Economic growth in emerging East Asia will continue to moderate into 2012 as growing sovereign debt problems in Europe and an anemic US economy raise the spectre of a deep global economic downturn.
“In the event that both the eurozone and the US economies contract sharply, the impact on emerging East Asia would be serious yet manageable, the ADB report said.

“The turmoil emanating from Europe poses a growing danger to trade and finance within emerging East Asia; so the region’s policymakers must be prepared to act promptly, decisively, and collectively to counter what could be an extended global economic slowdown,” said Iwan J. Azis, head of ADB’s Office of Regional Economic Integration.

Meanwhile, the World Bank (WB) is expecting  economic growth to moderate at 3.7 percent in 2011, weighed down by weak global demand as well as low public spending in the first three quarters of the year.

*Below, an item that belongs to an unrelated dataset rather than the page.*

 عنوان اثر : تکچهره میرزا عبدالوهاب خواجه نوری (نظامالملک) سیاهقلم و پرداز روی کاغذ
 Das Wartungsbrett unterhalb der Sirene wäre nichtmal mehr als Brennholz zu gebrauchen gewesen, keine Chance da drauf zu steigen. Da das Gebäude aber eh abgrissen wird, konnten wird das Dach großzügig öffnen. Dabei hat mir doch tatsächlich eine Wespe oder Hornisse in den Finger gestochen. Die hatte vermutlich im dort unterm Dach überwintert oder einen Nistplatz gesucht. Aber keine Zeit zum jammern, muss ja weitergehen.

“Our projection hinges on the successful implementation of the government’s disbursement acceleration program and an acceleration in private consumption and investment, which have begun to grow faster in the last quarter,” WB country economist Karl Chua.

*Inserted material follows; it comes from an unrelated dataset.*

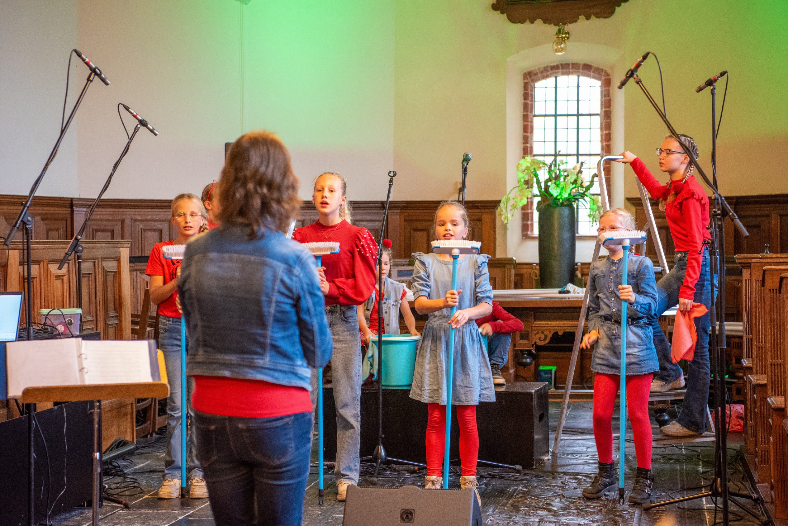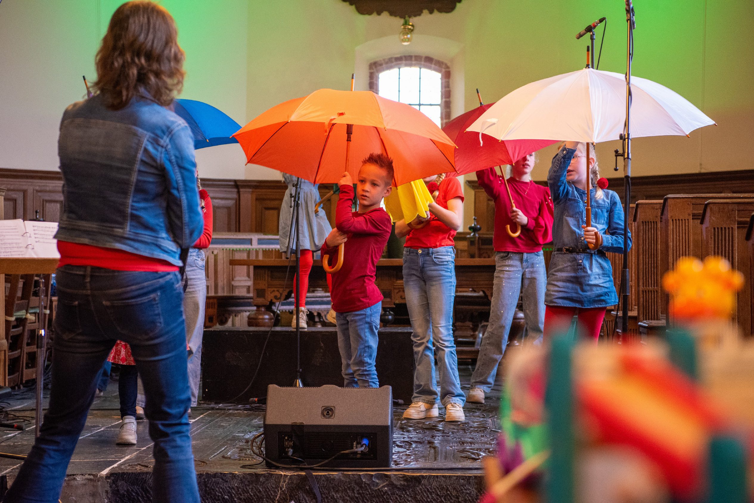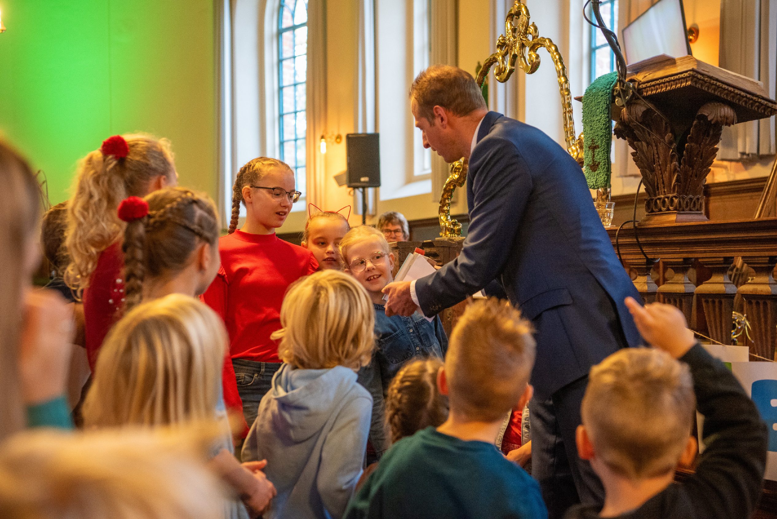 De gezellige dienst werd geleidt door dominee Wiebe Feddema en muzikaal omlijst door kinderkoor de Blide Sjongers.

Growth in 2012 is projected to improve to 4.2 percent in line with regional forecasts. Higher 2012 growth hinges on improvement in exports, acceleration of public-private partnership (PPP) projects and private sector investment, and a full recovery of public spending.

Chua noted that the government is instituting important measures to improve transparency and accountability in public spending. Once these institutional reforms are in place, spending is expected to fully recover at cost-effective levels with more resolute impact on the country’s growth and development, Chua added.

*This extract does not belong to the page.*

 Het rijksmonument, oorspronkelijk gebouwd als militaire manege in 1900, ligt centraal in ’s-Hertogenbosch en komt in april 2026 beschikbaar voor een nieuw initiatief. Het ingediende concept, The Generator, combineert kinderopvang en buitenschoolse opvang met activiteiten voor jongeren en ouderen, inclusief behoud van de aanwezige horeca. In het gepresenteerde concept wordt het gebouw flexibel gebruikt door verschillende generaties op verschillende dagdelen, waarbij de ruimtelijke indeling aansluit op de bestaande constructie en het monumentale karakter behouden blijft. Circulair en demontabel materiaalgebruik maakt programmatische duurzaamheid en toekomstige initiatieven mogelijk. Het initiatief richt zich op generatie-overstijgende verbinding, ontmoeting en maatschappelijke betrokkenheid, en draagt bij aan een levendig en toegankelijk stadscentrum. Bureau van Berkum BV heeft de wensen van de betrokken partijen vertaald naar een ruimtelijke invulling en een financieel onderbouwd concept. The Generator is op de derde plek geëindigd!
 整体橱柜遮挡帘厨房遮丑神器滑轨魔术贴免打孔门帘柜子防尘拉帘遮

Growth prospects for the Philippines and the Asean region are constrained by global uncertainties and by the impact of natural disasters.
“The slow progress towards the resolution of the debt problems in the Eurozone has intensified investors’ concerns over global growth and stability.”
“As capital flowed out of emerging markets into relatively safer havens, portfolio investments were reversed and stock markets lost value in East Asia,” the WB report said.
However, improving the investment climate in the Philippines through measures such as upgrading infrastructure to attract private investments will help the country ride out the global turbulence brought about by the Eurozone crisis and the fiscal woes of the United States.
The WB report maintains that the Philippines is well-positioned to cope with any new financial shock that might evolve from the current global turmoil.

“The country is well-insulated from the global financial crisis owing to a significant improvement of macroeconomic fundamentals and regulatory reforms already in place following the Asian financial crisis of 1997-98.”

However, the OECD Southeast Asian Economic Outlook predicted a higher growth for the six Southeast Asian economies — Indonesia, Malaysia, the Philippines, Singapore, Thailand and Viet Nam — at 5 percent for 2011 and 5.6 percent in 2012.

The OECD report noted that global uncertainties and natural disasters shed a negative light on the growth prospects of the region as the overall Southeast Asia will have a solid growth performance through 2016.

As growth in external demand moderates for the region, ASEAN economies are turning towards domestic drivers of growth in the medium term and are beginning to explore ‘green growth’as an alternative strategy for long-term sustainable development.